Travel
AltoVita plans move into short-stay accommodation
Extended stay accommodation platform AltoVita is planning to move into offering shorter stays as it looks to “consolidate” both parts of the market.
Vivi Cahyadi Himmel, CEO and co-founder of AltoVita, said that combining short and extended stay accommodation would be a “brilliant mission over the next few years” for the company.
“We want to consolidate extended stay and short stay, and remove the GDSs entirely from the equation,” she added during AltoVita’s Smart, Safe, Sustainable Summit held in London last week.
Meanwhile, co-founder and chief operating officer Karolina Saviova said AltoVita would be looking to introduce “quite extreme levels of personalisation” to its platform.
“We will be leveraging the augmented content we have and personalising listing pages by adding amenities,” she added.
The company also unveiled its new Alto360 intelligence platform at the summit, which is being soft launched ahead of its release in the first quarter of 2025.
Alto360 has been designed to allow travel buyers and global mobility managers to benchmark their policies against market data for cities across the world. This includes breakdowns of average daily rates by location, length of stay, property type and travel dates.
The tool features predictive data and rate forecasting for the extended-stay market, including the ability to analyse historic data to compare corporate clients’ average daily rates and budgets.

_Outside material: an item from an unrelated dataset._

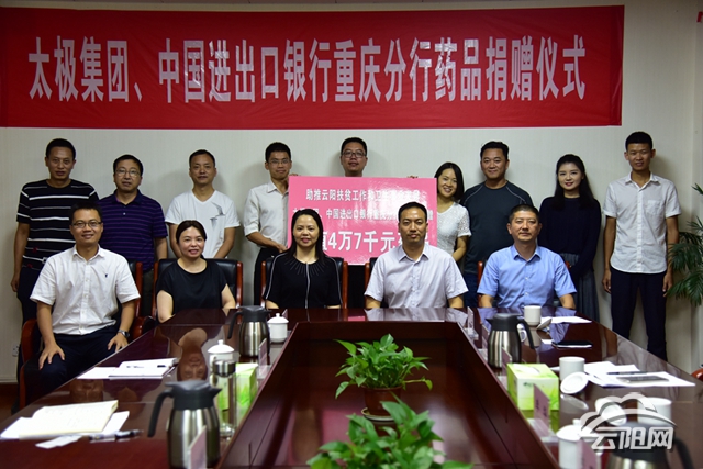 云陽網訊(記者 段斯斯)情系百姓健康,關愛貧困群眾。9月2日,由中國進出口銀行重慶分行“牽線”,太極集團向云陽紅十字協會捐贈33個品規、價值4.7萬元的藥品。

Carol Fergus, director of global travel, meetings and ground transportation at Fidelity International, described Alto360 as an “amazing tool” following demonstrations of its capabilities at the summit.
“They [AltoVita] can build something that nobody else has and they can customise it,” added Fergus. “Having rate forecasting will allow us to look at the budget and the costs – forecasting for the future.”
The summit also looked at the emergence of artificial intelligence within the accommodation and business travel sector.
Jenny Thornton, director of technology solutions at travel management company ATPI, said they were “leaning into AI with caution”, with AI mostly being utilised for specified “if and when tasks”.
She added they were also using natural language translation for non-English speaking staff, which automatically translates the original text in emails into other languages to help its consultants.